BIOETICA: il caso di Cagliari: un passo verso l’eugenetica

Il tribunale di Cagliari infligge un primo colpo alla discussa ed ambigua legge 40 sulla procreazione assistita. I magistrati sardi hanno infatti detto sì alla diagnosi preimpianto, mettendo così in discussione uno dei punti-cardine della legge.





Il tribunale di Cagliari infligge un primo colpo alla discussa ed ambigua legge 40 sulla procreazione assistita. I magistrati sardi hanno infatti detto sì alla diagnosi preimpianto, mettendo così in discussione uno dei punti-cardine della legge.

La vicenda di Cagliari era partita dal ricorso di una donna che, due anni fa, aveva chiesto di poter eseguire la diagnosi preimpianto prima di procedere con le tecniche di fecondazione in vitro perché portatrice di talassemia, malattia molto diffusa in Sardegna. I medici avevano rifiutato come prescritto dalla legge e la donna aveva deciso di rivolgersi al tribunale che ora, dopo due anni, sottolinea come il diritto alla salute della madre ed il diritto ad essere informata garantiti dalla Costituzione prevalgono sul divieto di diagnosi prescrito dalla legge.

Ora dopo la decisione del giudice l’ospedale e il medico incaricato controlleranno lo stato dell’embrione, verificando se può essere colpito da talassemia. Solo nel caso in cui l’embrione sia sano il medico procederà all’impianto e alla gravidanza.

La decisione dei giudici cagliaritani ha provocato forti reazioni, al punto che ora il dibattito si sposta sulla modifica della legge.
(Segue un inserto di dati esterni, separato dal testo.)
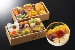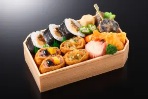 巻き寿司やいなり寿司を中心に、海老フライや焼き魚、煮物など彩り豊かなお料理を詰め合わせた華やかな幕の内弁当です。
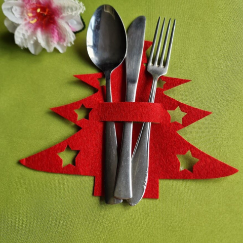 Karácsonyi Fenyőfa Filc Evőeszköztartó - Piros 🎄🍽️ Dobd fel az ünnepi asztalt ezzel a bájos, piros fenyőfa alakú filc evőeszköztartóval! Tökéletes kiegészítője a karácsonyi vacsorának, céges buliknak vagy akár otthoni dekorációnak. Miért válaszd ezt...
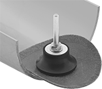 The flexible edge of the sanding disc overhangs these backup pads. Secure the shank into the collet or chuck of your tool, then attach the quick-change fastener on the sanding disc to the corresponding fastener on the backup pad.
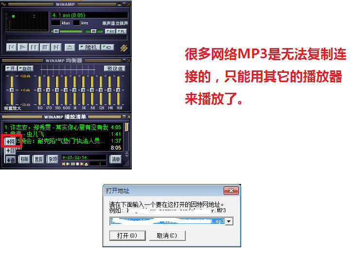 然后在Winamp播放清單那里點(diǎn)擊添加——網(wǎng)——然后把剛剛復(fù)制的MP3地址粘貼到打開地址輸入框那里——點(diǎn)擊打開,就可以打開網(wǎng)絡(luò)的MP3了。很多網(wǎng)絡(luò)MP3是無法復(fù)制連接的,只能用其它的播放器來播放了。
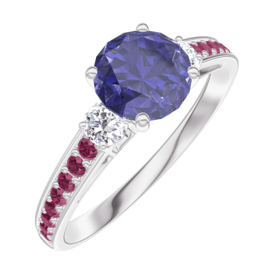 « L'ATELIER » N.º 166032Anillo Oro blanco 9 quilates - Zafiro azul redondo 0.7 quilates - Piedras laterales Diamante - Engastado Rubí 4.9 (7)
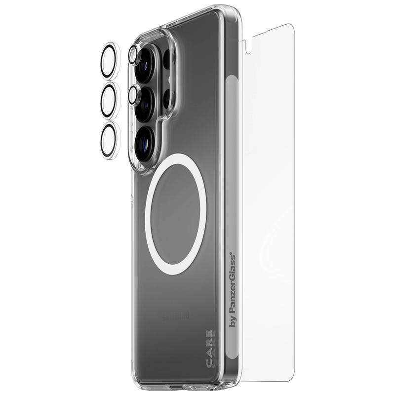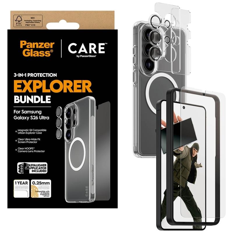 Zapewnij swojemu Samsungowi Galaxy S26 Ultra pełną ochronę za jednym zamachem dzięki zestawowi CARE by PanzerGlass 3-in-1 Explorer Bundle. Ten zestaw typu „wszystko w jednym” łączy w sobie ultra szeroką osłonę ekranu, przezroczystą osłonę obiektywu aparatu oraz wytrzymałe przezroczyste etui, dzięki czemu Twój telefon jest chroniony od przedniej szyby po moduł aparatu i tył. Stworzony z myślą o codziennym życiu w mieście i weekendowych przygodach, został zaprojektowany tak, aby wytrzymać upadki, zadrapania i uderzenia, jednocześnie zachowując oryginalny wygląd telefonu.
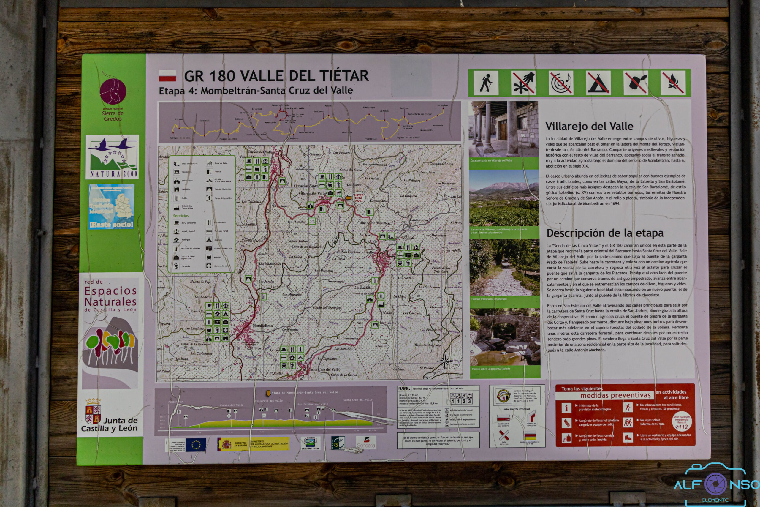 La ruta conocida como Senda de las Cinco Villas (PRC-AV 49) es, probablemente, el itinerario senderista más representativo del sector oriental de la Sierra de Gredos, en la parte más alta del Valle del Tiétar. Se trata de un recorrido circular que enlaza cinco pueblos con identidad propia —Mombeltrán, Santa Cruz del Valle, San Esteban del Valle, Villarejo del Valle y Cuevas del Valle— articulados en torno al histórico Barranco de las Cinco Villas, un enclave que Miguel de Unamuno bautizó como el «paradisíaco Valle del Barranco».

Per Vittoria Franco, senatrice dell’Ulivo e Coordinatrice nazionale delle donne Ds, «si apre finalmente una finestra sulla legge 40, dopo la chiusura dell’ex ministro Sirchia». Per Filomena Gallo e il radicale Rocco Berardo, la sentenza di Cagliari è un provvedimento che «interpreta la legge sulla fecondazione assistita alla luce dei dettami costituzionali, nel rispetto delle norme vigenti e dei diritti dei soggetti coinvolti nelle tecniche di fecondazione assistita». Per la Vicepresidente dei Verdi, Luana Zanella, si tratta di «un’ottima notizia che apre finalmente il capitolo di questa norma ingiusta e punitiva».

Di tutt’altro tenore le prese di posizione del capogruppo dell’Udc alla Camera, Luca Volontè, che chiede al ministro della Giustizia «di verificare come le leggi vengano applicate dal tribunale del capoluogo sardo». Quanto alle senatrici teodem dell’Ulivo, Paola Binetti ed Emanuela Baio Dossi, ricordano che il 9 novembre del 2006 la Consulta aveva già dichiarato inammissibile la questione di legittimità costituzionale sollevata dal tribunale di Cagliari: «Una sentenza della Corte costituzionale non è qualcosa che si possa bypassare con facilità, anche se le malattie genetiche pongono inquietanti problemi alla scienza, alla bioetica e alla biopolitica».

Per Isabella Bertolini, Vicepresidente dei deputati di Forza Italia, infine, «è inaccettabile che in Italia la legge 40 sulla procreazione medicalmente assistita venga sistematicamente aggirata».
Secondo l’Associazione Scienza e Vita «la sentenza rappresenta un caso di eugenetica». Secondo l’Associazione, «non è vero che in qualche modo la legge 40 prevede la diagnosi genetica preimpianto sugli embrioni umani. È vero esattamente il contrario: la legge 40 vieta la diagnosi genetica preimpianto anche se non la menziona espressamente».

Quanto affermato dall’Associazione emerge in tutta evidenza da una lettura attenta della legge 40, da cui si evince «il principio di destinazione alla nascita di ogni embrione generato in provetta». La legge prevede infatti l’obbligo di trasferire immediatamente tutti gli embrioni generati e il divieto di qualsiasi selezione-soppressione a scopo eugenetico. «Nel caso di Cagliari – osserva Scienza & Vita – la finalità eugenetica appare evidente. Non si comprende quindi come il tribunale possa motivare una scelta contra legem».

Infine l’Associazione afferma che «la pretesa di superare il problema della legittimità costituzionale della legge 40 non ha fondamento alcuno. Anzi, tale pretesa è in sé incostituzionale, tenendo conto dei precedenti pronunciamenti della Consulta in materia di tutela della vita del concepito».